Our severity models have further suggested two plausible loci on chromosomes 12q22 and 3p24.3 linked to disease severity. The UK GWAS identified a gene cluster that encodes antiviral restriction enzyme activator on chromosome 12q24.13 (OAS1, OAS2, and OAS3) associated with severe COVID-19 disease [20]. Additionally, loci on chromosome 3 were observed to be associated with disease susceptibility (rs11919389: RPL24) and disease severity (rs10490770: LZTFL1) in the COVID-19 HGI report [24]. From our results, the extended LD block on chromosomes 12q22 contains EEA1, LOC643339, and LINC02412. Early endosomal antigen 1, encoded by EEA1, is a protein found in cytosol, endosome, and plasma membrane of cells in various organs, including the lungs [37]. Recently, a study reported the microscopic changes in the small airways and lung parenchyma of smokers and patients with COPD, showing an increased expression of SARs-CoV-2 receptor ACE2 and proteins involved in viral entry, including EEA1 [38]. Coronavirus is an enveloped virus that requires cellular ACE2 receptor binding and membrane fusion to enter and eject their RNA into the host cell. The viruses attack the host endocytosis pathway to enter via endosome, proceed to lysosomes, and fuse the viral and lysosomal membrane [39,40,41]. Our finding of EEA1 residing in an associated locus linked to COVID-19 disease severity suggests an overactive cellular response that may facilitate viral entry and processing contributing to COVID-19 severity. Additionally, LOC643339 encodes a long non-coding RNA (lncRNA) with little known functions. However, some lncRNAs have an essential role in pathogenic infection [42]. Therefore, further studies to determine the role of LOC643339 in regulating SARs-CoV-2 propagation seem justified.

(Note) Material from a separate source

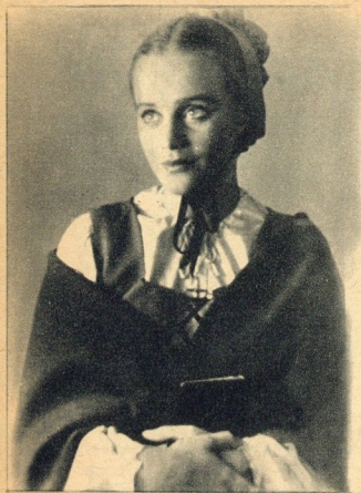
Os esforços de Maria Schell no estudo da arte de representar permitiram-lhe desempenhar uma das principais figuras do «Fausto», de Goethe, num teatro de Viena.

The limitation of this study was the relatively small sample size. However, we believe that the mitigation of the widespread devastation caused by the COVID-19 pandemic requires scientific contributions from every corner of the world. The number of exposed individuals with negative PCR tests was smaller than the cases. However, as the use of the general population as a control group carried the potential for misclassification bias with an unknown extent of developing COVID-19 disease [43], we decided not to include the general population in our control group. The small sample size may lessen the likelihood that the association found is real (decreasing the chance of getting a true positive without increasing a false positive), but it could still be true [44]. Additionally, the reported effect estimates (e.g., odds ratio) can be inflated due to the increased sampling variability from a small sample size. Further studies with more samples are needed to verify the findings. In addition, we are participating in an international collaborative effort to uncover the host factors associated with COVID-19. Finally, our report will provide more details of the Thai population to complement the global initiative.

In conclusion, our GWAS study in Thai COVID-19 patients suggests plausible disease susceptibility loci on chromosome 5q32 containing IL17B and chromosome 9q21.13. In addition, the disease severity was suggestive of being linked to loci on chromosomes 12q22 containing LOC643339 and EEA1 and 3p24.3.